The answer must be an exact copy of the lines from the one containing "Zdjęcie Ogród, Taras, Stół, Krzesła, Róże, Krzewy" through the last line of the records, with no pictures.

-=-=-=-=-

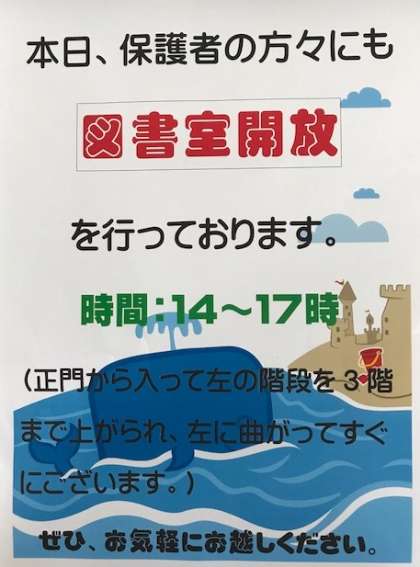 1学期末の懇談期間中(8/10〜12と16〜17)、図書館を開放しています。
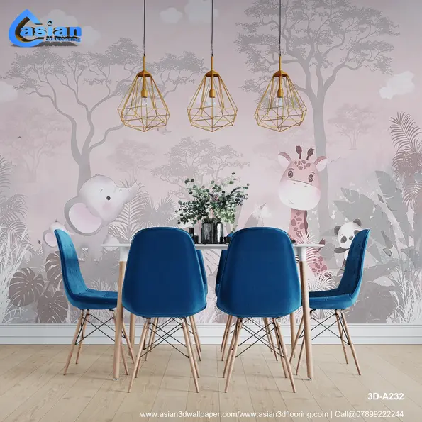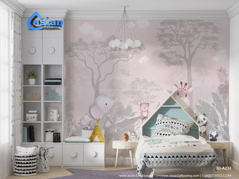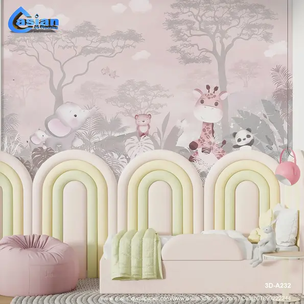 This charming 3D wallpaper in soft pink tones features a whimsical safari with adorable animals like elephants, giraffes, pandas, and bears. Designed to create a calming and playful atmosphere, this wallpaper is perfect for nurseries, playrooms, or young children's bedrooms. Its pastel colors and friendly animal illustrations inspire imagination and bring a delightful, gentle energy to any space. Product Benefits :- Creates a soothing and imaginative environment, ideal for encouraging creative play and relaxation for children.
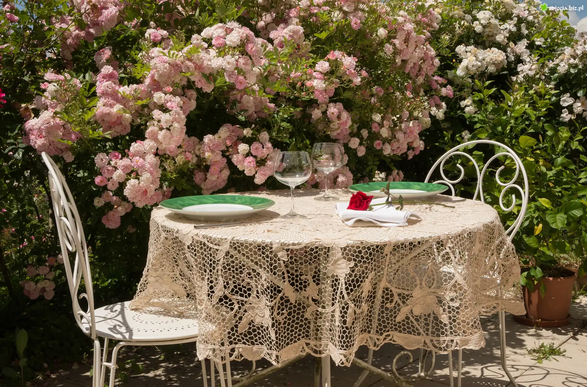 Zdjęcie Ogród, Taras, Stół, Krzesła, Róże, Krzewy
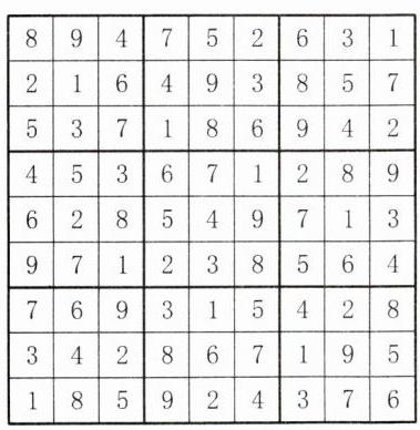 5.(创新应用)请你用 1~9 这九个数字填满 9×9 的格子,要求:每行、每列都用到 1~9,不能重复;每个 3×3 的格子(粗线内)也都用到 1~9,不能重复。
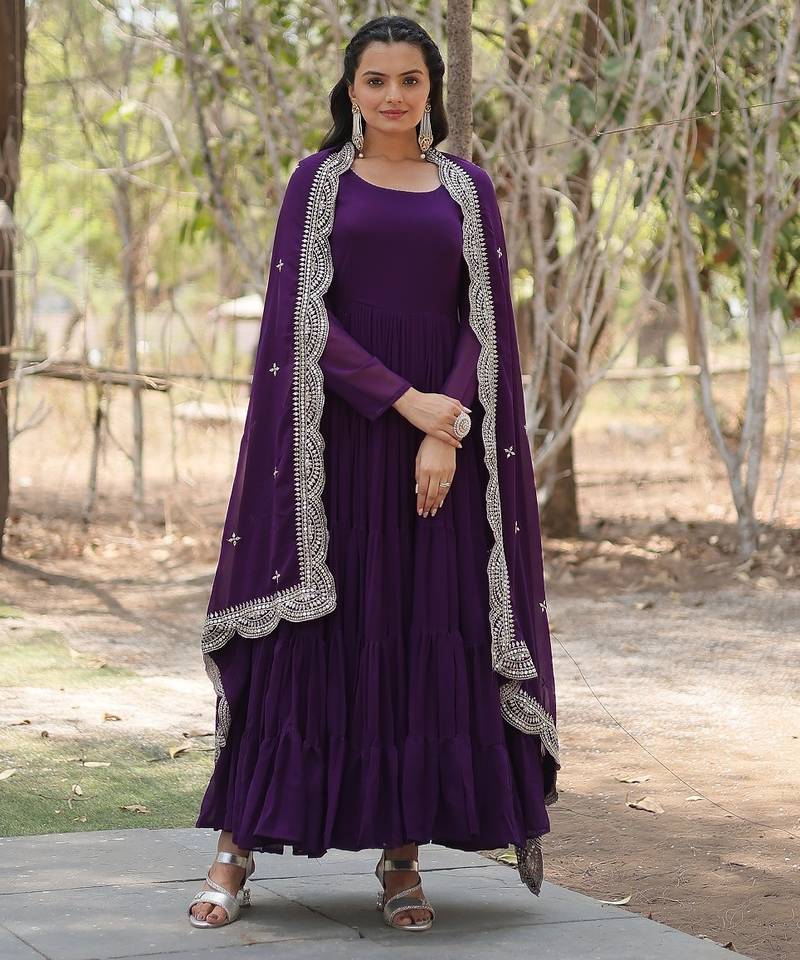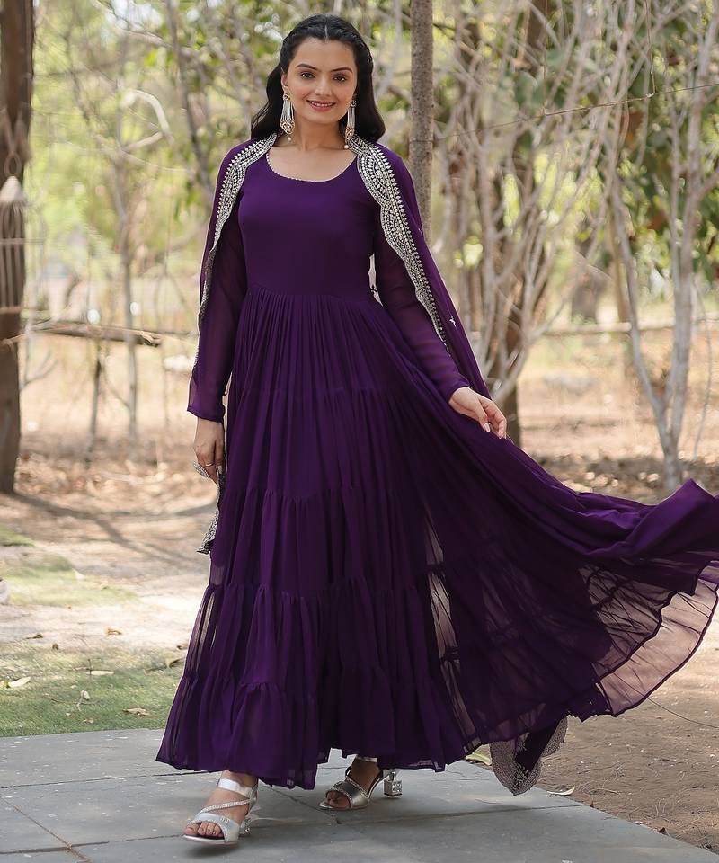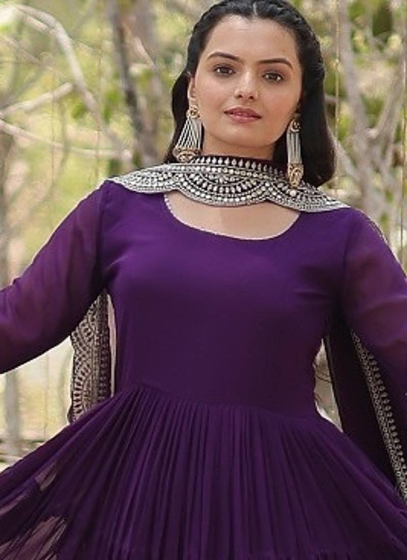 Purple color embroidered georgette gown with dupatta stitched
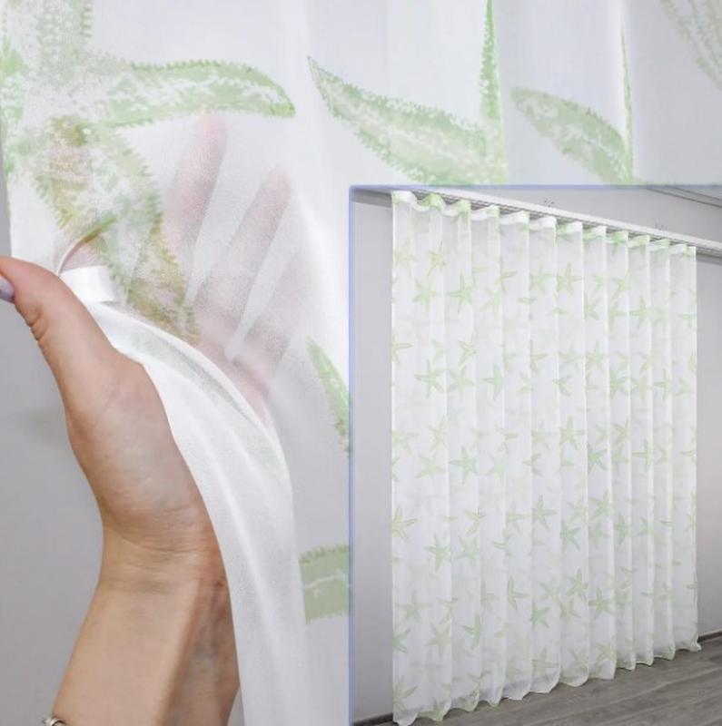Тюль шифон в вітальню, спальню. колір білий з салатовим
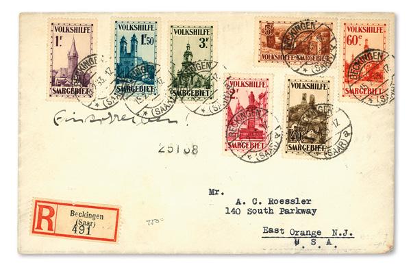 1932 Volkshilfe complete (Scott B37-B43), a difficult find on cover with a Scott catalog value of $650+; some slight wear to lower right-hand corner, but otherwise in good condition; features original contents. Michel 161-167. (Image)
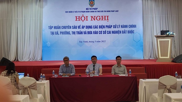 Nhằm tăng cường các kỹ năng, kiến thức pháp luật chuyên sâu về áp dụng biện pháp xử lý hành chính giáo dục tại xã, phường, thị trấn và đưa vào cơ sở cai nghiện bắt buộc cho các cán bộ trực tiếp thực hiện công tác này tại các tỉnh Tây Ninh, Long An và Bình Dương. Cục Quản lý xử lý vi phạm hành chính và theo dõi thi hành pháp luật, Bộ Tư pháp (Cục QLXLVPHC&TDTHPL) đã tổ chức thành công Hội nghị tập huấn chuyên sâu về Áp dụng biện pháp xử lý hành chính giáo dục tại xã, phường, thị trấn và đưa vào cơ sở cai nghiện bắt buộc tại tỉnh Tây Ninh trong các ngày 16-17/5/2022.
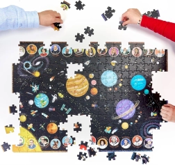 Træd ind i videnskabens verden med vores spændende Puslespil Opdagelsesrejsende. Dette sæt indeholder 300 brikker, der repræsenterer planeter, måner, rumskibe, videnskabsmænd og opdagelser i Solsystemet.

-=-=-=-=-

* Written response
 Zdjęcie Ogród, Taras, Stół, Krzesła, Róże, Krzewy
 5.(创新应用)请你用 1~9 这九个数字填满 9×9 的格子,要求:每行、每列都用到 1~9,不能重复;每个 3×3 的格子(粗线内)也都用到 1~9,不能重复。
 Purple color embroidered georgette gown with dupatta stitched
Тюль шифон в вітальню, спальню. колір білий з салатовим
 1932 Volkshilfe complete (Scott B37-B43), a difficult find on cover with a Scott catalog value of $650+; some slight wear to lower right-hand corner, but otherwise in good condition; features original contents. Michel 161-167. (Image)
 Nhằm tăng cường các kỹ năng, kiến thức pháp luật chuyên sâu về áp dụng biện pháp xử lý hành chính giáo dục tại xã, phường, thị trấn và đưa vào cơ sở cai nghiện bắt buộc cho các cán bộ trực tiếp thực hiện công tác này tại các tỉnh Tây Ninh, Long An và Bình Dương. Cục Quản lý xử lý vi phạm hành chính và theo dõi thi hành pháp luật, Bộ Tư pháp (Cục QLXLVPHC&TDTHPL) đã tổ chức thành công Hội nghị tập huấn chuyên sâu về Áp dụng biện pháp xử lý hành chính giáo dục tại xã, phường, thị trấn và đưa vào cơ sở cai nghiện bắt buộc tại tỉnh Tây Ninh trong các ngày 16-17/5/2022.
 Træd ind i videnskabens verden med vores spændende Puslespil Opdagelsesrejsende. Dette sæt indeholder 300 brikker, der repræsenterer planeter, måner, rumskibe, videnskabsmænd og opdagelser i Solsystemet.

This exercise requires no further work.